(Extracted records)
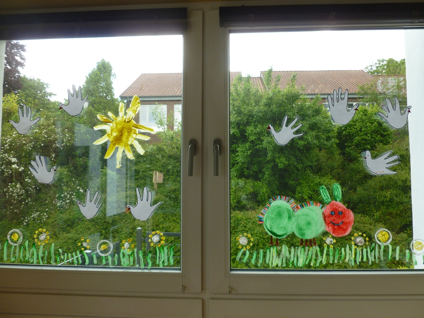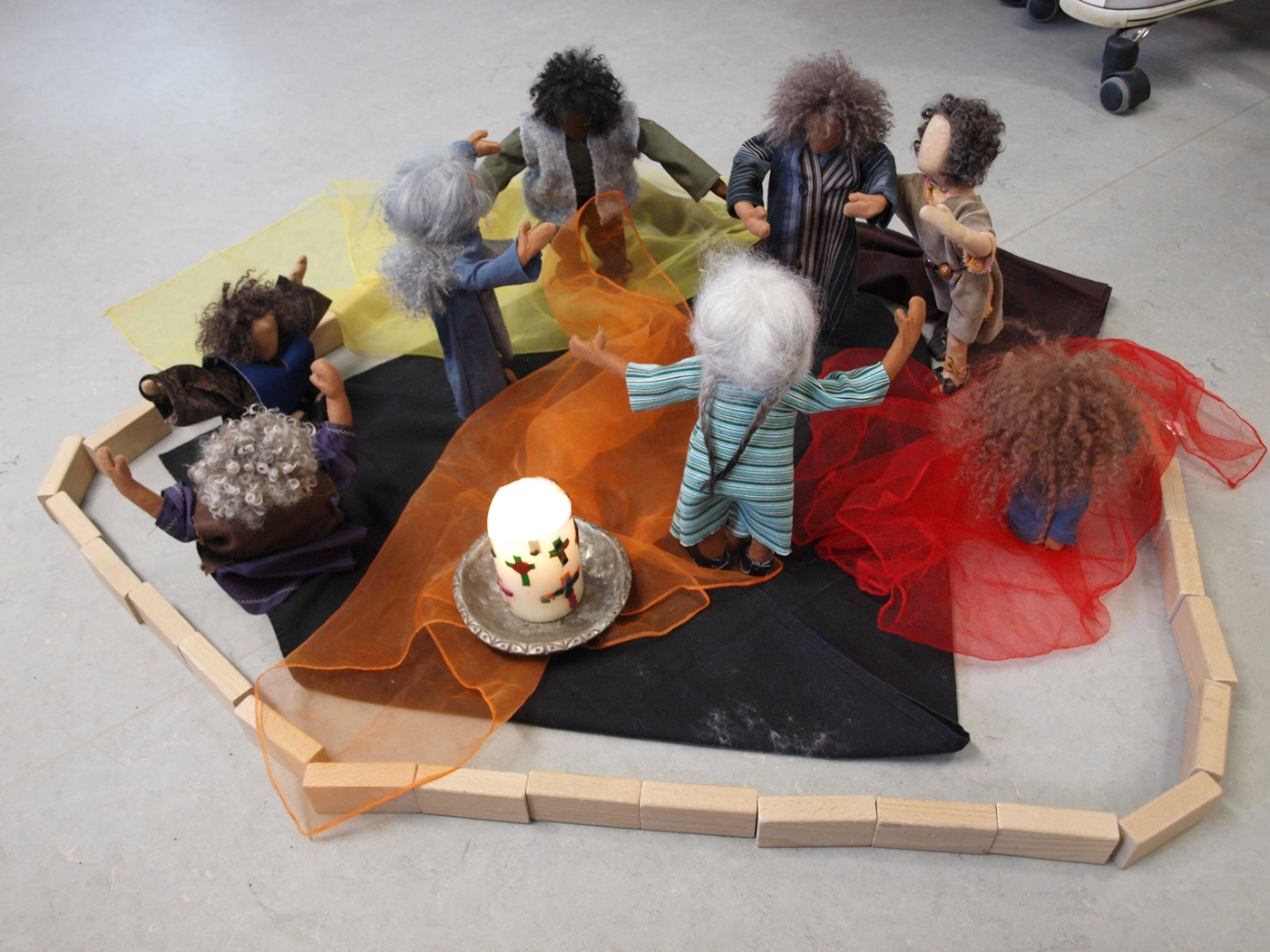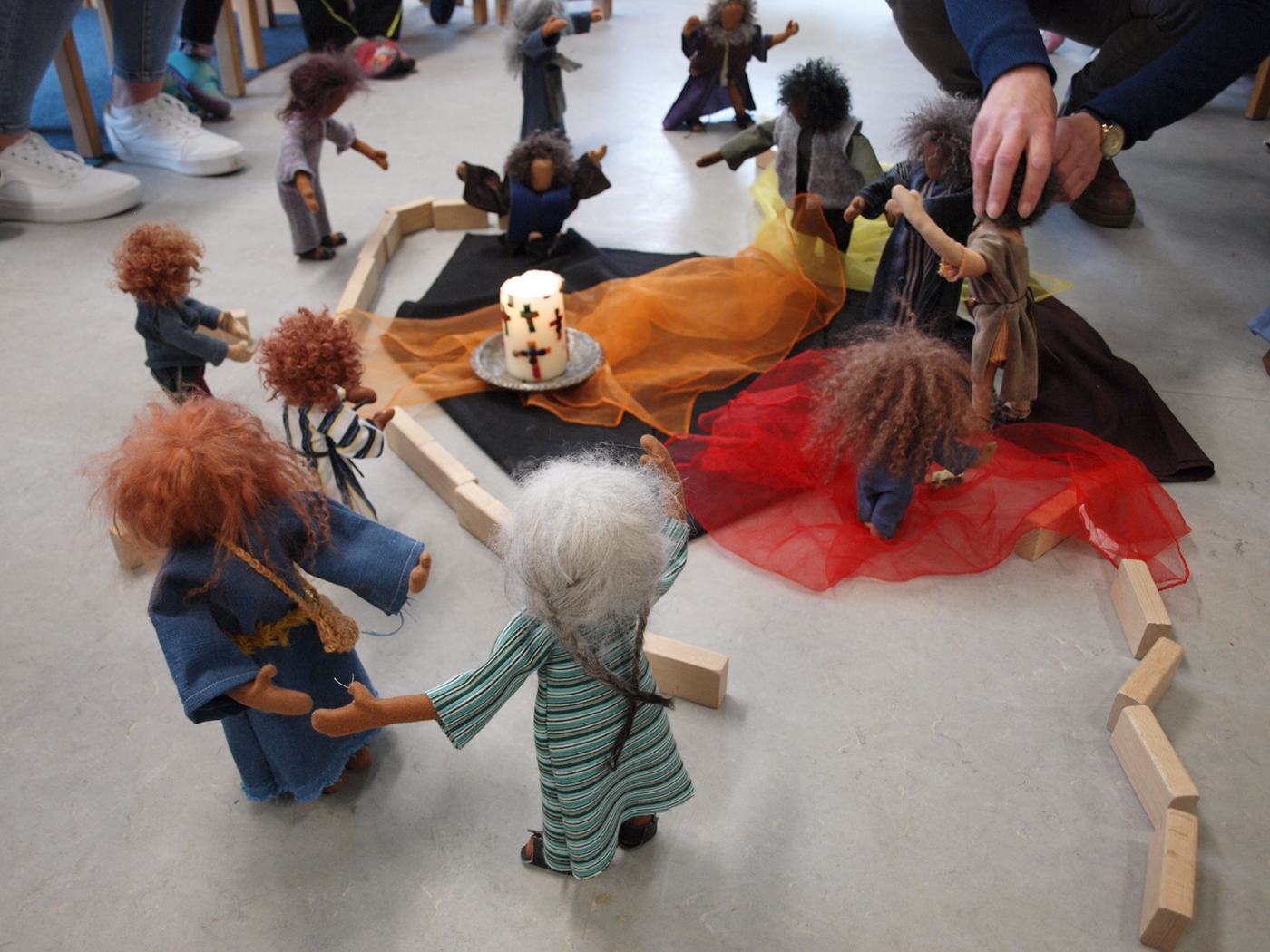 Mit den biblischen Erzählfiguren spielten die Kinder das Pfingstereignis nach. Für den Kindergarten bastelten sie Pfingsttauben, als Zeichen des Friedens und der Versöhnung, die nun die Fenster schmücken. Sie erinnern uns daran: „Gott wenn dein Geist bei uns Menschen ist, kann vieles gut werden!“
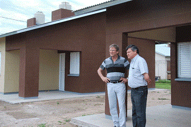 Locales | El presidente del Instituto Provincial de Desarrollo Urbano y Vivienda –IPDUV-, Domingo Peppo, supervisó el importante ritmo de ejecución de obra que presentan unidades habitacionales del Plan Techo Digno en la ciudad de Barraqueras, donde en pocas semanas estarán terminadas las primeras 14 viviendas sobre un paquete de 40 que lleva adelante la empresa Tekchaco.
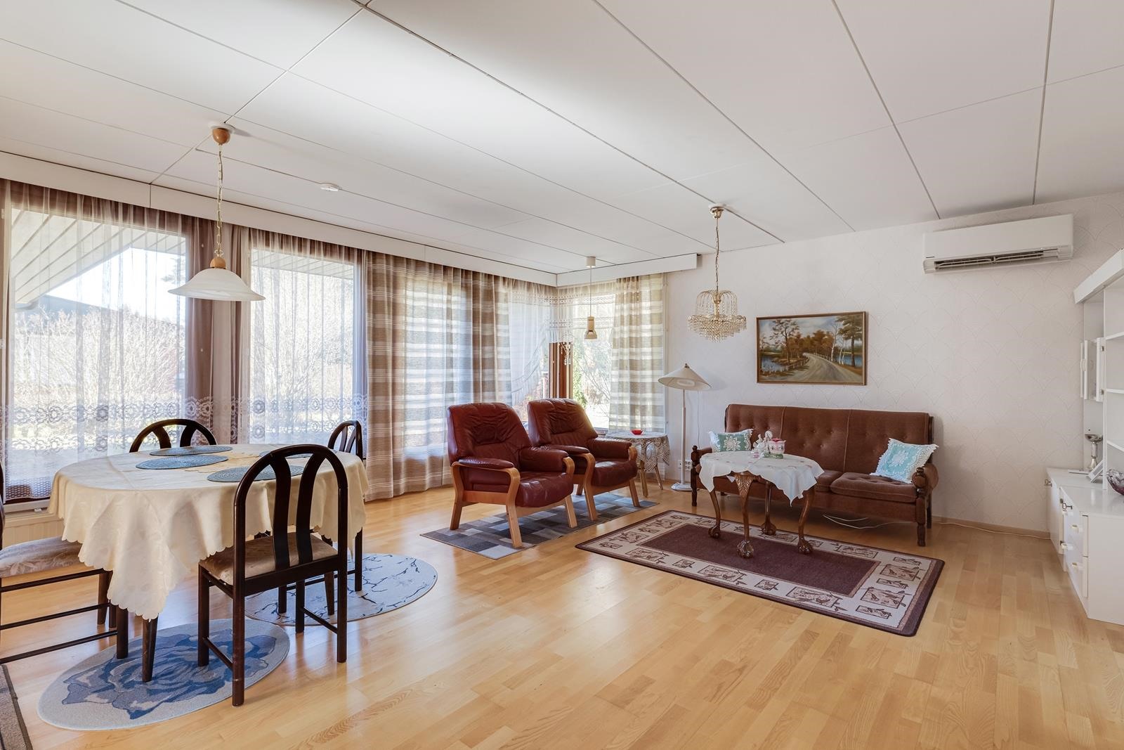 Tarjolla vankkarakenteinen ja laadukkaasti rakennettu tiilitalo (tiilirunko), jossa erinomainen pohjaratkaisu ja toimivat, tilavat huoneet. Tässä kodissa on viihdytty pitkään, se myydään alkuperäisomistajilta ja sitä on pidetty vuosien varrella hyvin huolta. Tilavassa keittiössä runsaasti kaappitilaa sekä aamiaispöytä. Valoisa olohuone hurmaa lähes koko seinän levyisellä ikkunarivistöllä, joka tuo runsaasti luonnonvaloa sisään. Makuuhuoneita on kolme ja ne tarjoavat mukavasti tilaa lapsiperheelle tai työ / harrastehuoneiksi. Siisti ja toimiva saunaosasto kutsuu oman saunan löylyihin. Lämmin autotalli sekä varasto tuo käytännöllisyyttä arkeen. Rauhallinen sijainti lisää asumismukavuutta. Tässä talossa viihdyt. Päiväkoti, koulu, jalkapallokenttä sekä kuntopolku lähettyvillä.
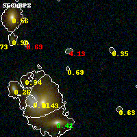 Object #994 x,y = (2801, 1315) RA, Dec = (09:11:11.352, 17:45:45.36) = (137.79730, 17.76260) BPZ = 0.687 [0.149--5.249] type = 8.90 (SB2_B10 - SB1_B10) chisq2 = 0.41 ODDS = 0.10 z_cluster = 0.505
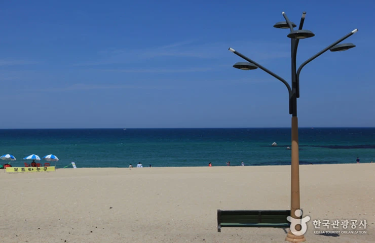동해안 최대 해변으로 유명하며, 강문동, 안현동에 있고 시내에서 북으로 6km, 경포대에서 1km되는 곳에 동해의 창파를 가득 담고 펼쳐진 명사오리(明沙五里)이다. 모두를 삼키기라도 하려는 듯 밀려오는 파도, 이를 쓸어 안은 길이1.8km, 면적1.44㎢의 하얀 모래밭과, 시끄러운 일상을 조용히 차단하는 울창한 송림병풍의 조화가 해변 특유의 아름다움을 자아낸다. (자료출처 : 대한민국 구석구석 - korean.visitkorea.or.kr)
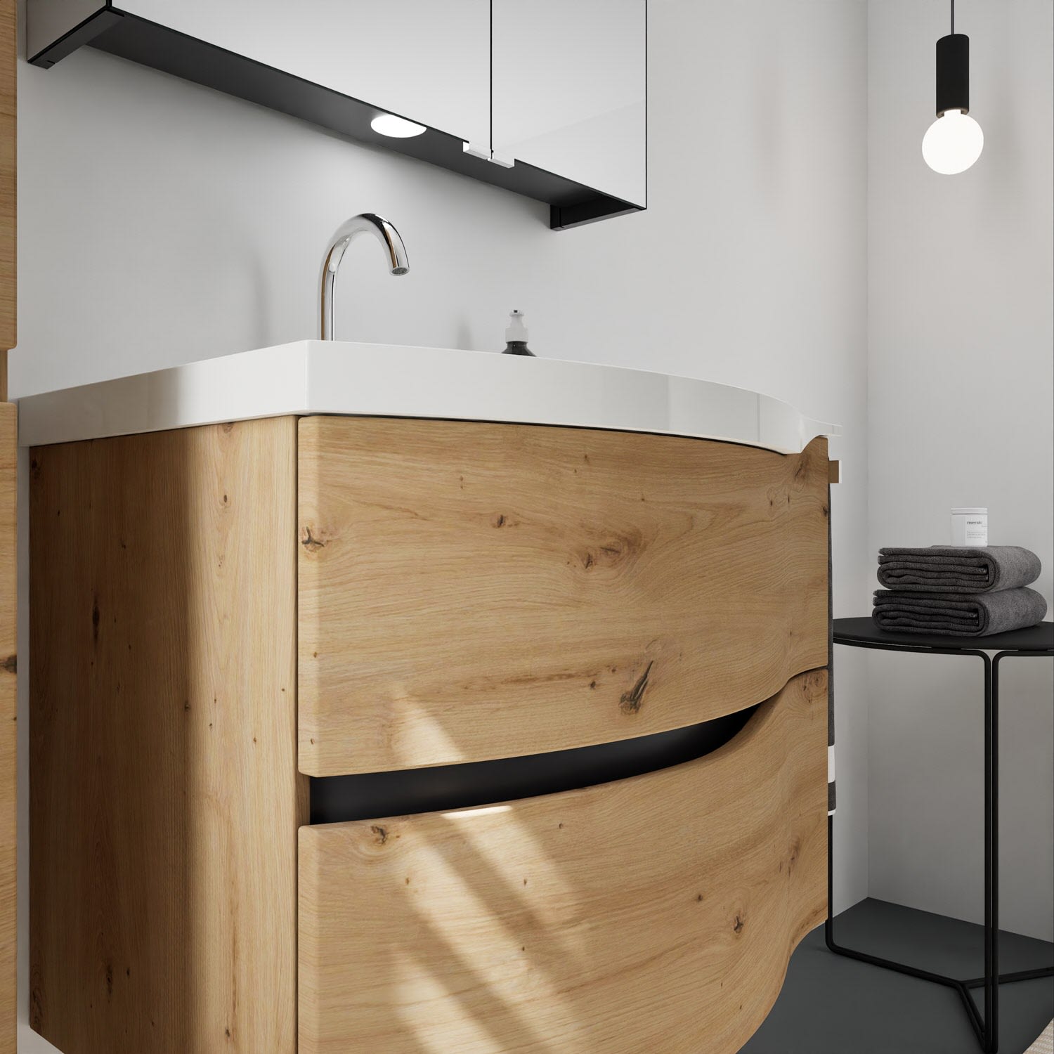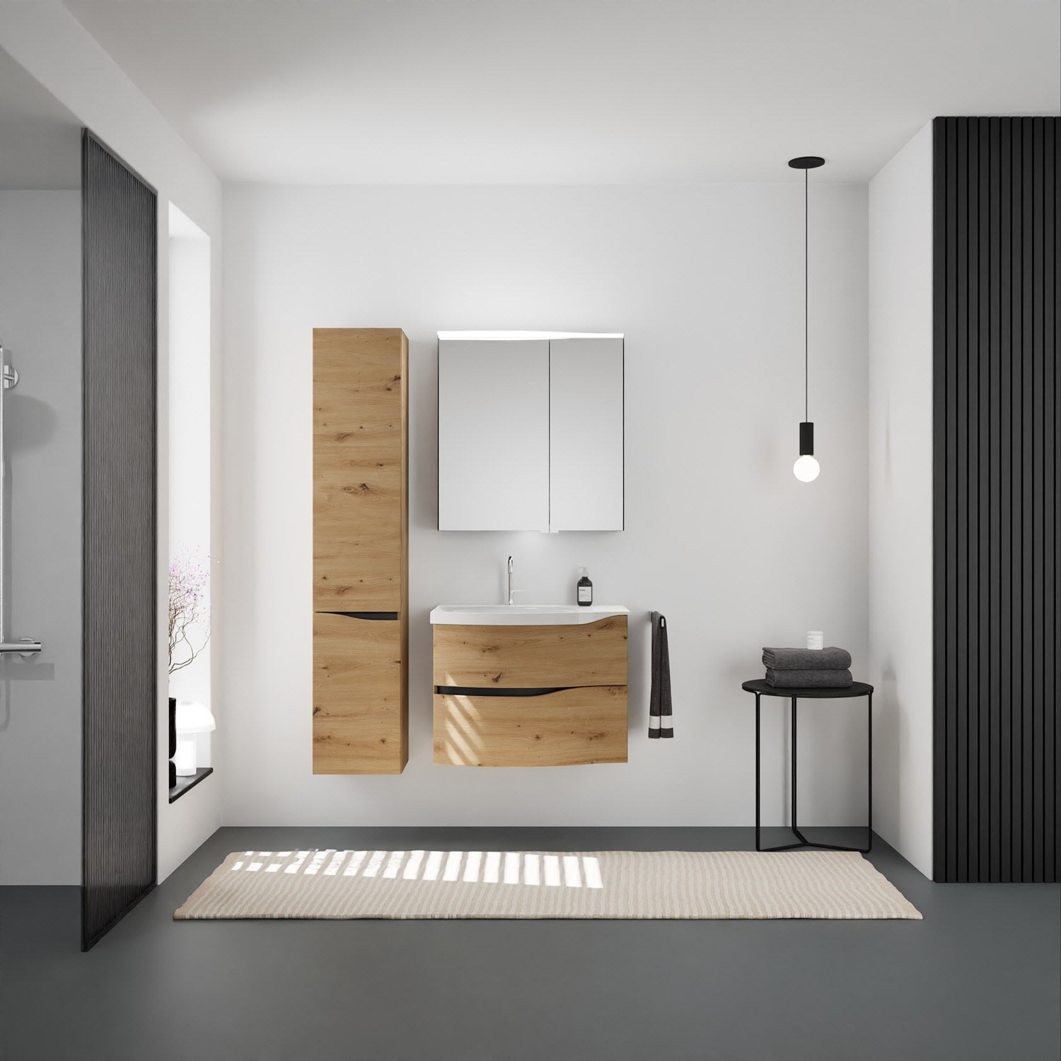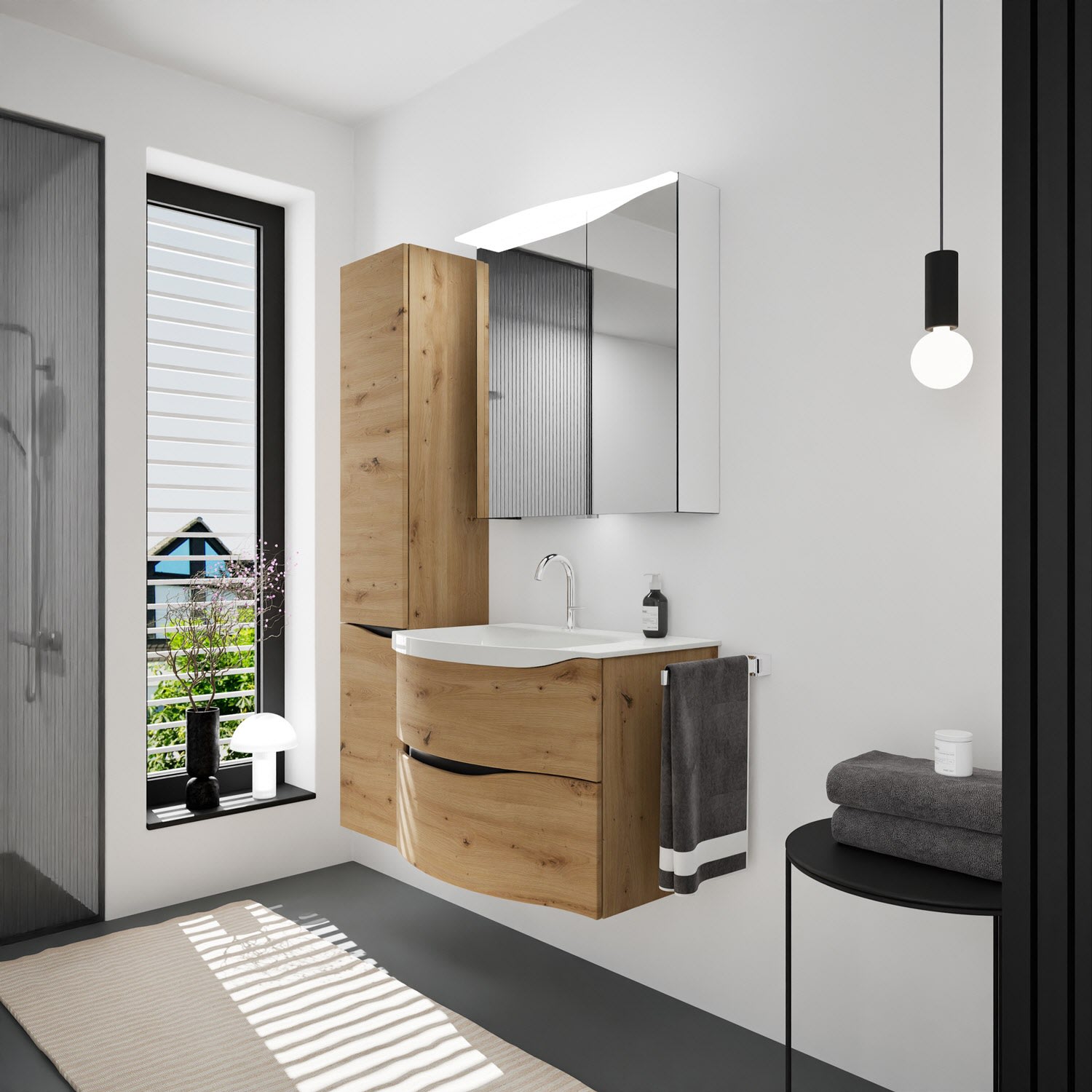 burgbad Sinea 3.0 Mineralguss-Waschtisch mit Unterschrank, 77 cm, mit Griffleiste G0292
(End Extracted records)
What to do |
Exact repetition of all entries is required. The pictures should not appear.

Exercise solution |
 Mit den biblischen Erzählfiguren spielten die Kinder das Pfingstereignis nach. Für den Kindergarten bastelten sie Pfingsttauben, als Zeichen des Friedens und der Versöhnung, die nun die Fenster schmücken. Sie erinnern uns daran: „Gott wenn dein Geist bei uns Menschen ist, kann vieles gut werden!“
 Locales | El presidente del Instituto Provincial de Desarrollo Urbano y Vivienda –IPDUV-, Domingo Peppo, supervisó el importante ritmo de ejecución de obra que presentan unidades habitacionales del Plan Techo Digno en la ciudad de Barraqueras, donde en pocas semanas estarán terminadas las primeras 14 viviendas sobre un paquete de 40 que lleva adelante la empresa Tekchaco.
 Tarjolla vankkarakenteinen ja laadukkaasti rakennettu tiilitalo (tiilirunko), jossa erinomainen pohjaratkaisu ja toimivat, tilavat huoneet. Tässä kodissa on viihdytty pitkään, se myydään alkuperäisomistajilta ja sitä on pidetty vuosien varrella hyvin huolta. Tilavassa keittiössä runsaasti kaappitilaa sekä aamiaispöytä. Valoisa olohuone hurmaa lähes koko seinän levyisellä ikkunarivistöllä, joka tuo runsaasti luonnonvaloa sisään. Makuuhuoneita on kolme ja ne tarjoavat mukavasti tilaa lapsiperheelle tai työ / harrastehuoneiksi. Siisti ja toimiva saunaosasto kutsuu oman saunan löylyihin. Lämmin autotalli sekä varasto tuo käytännöllisyyttä arkeen. Rauhallinen sijainti lisää asumismukavuutta. Tässä talossa viihdyt. Päiväkoti, koulu, jalkapallokenttä sekä kuntopolku lähettyvillä.
 Object #994 x,y = (2801, 1315) RA, Dec = (09:11:11.352, 17:45:45.36) = (137.79730, 17.76260) BPZ = 0.687 [0.149--5.249] type = 8.90 (SB2_B10 - SB1_B10) chisq2 = 0.41 ODDS = 0.10 z_cluster = 0.505
동해안 최대 해변으로 유명하며, 강문동, 안현동에 있고 시내에서 북으로 6km, 경포대에서 1km되는 곳에 동해의 창파를 가득 담고 펼쳐진 명사오리(明沙五里)이다. 모두를 삼키기라도 하려는 듯 밀려오는 파도, 이를 쓸어 안은 길이1.8km, 면적1.44㎢의 하얀 모래밭과, 시끄러운 일상을 조용히 차단하는 울창한 송림병풍의 조화가 해변 특유의 아름다움을 자아낸다. (자료출처 : 대한민국 구석구석 - korean.visitkorea.or.kr)
 burgbad Sinea 3.0 Mineralguss-Waschtisch mit Unterschrank, 77 cm, mit Griffleiste G0292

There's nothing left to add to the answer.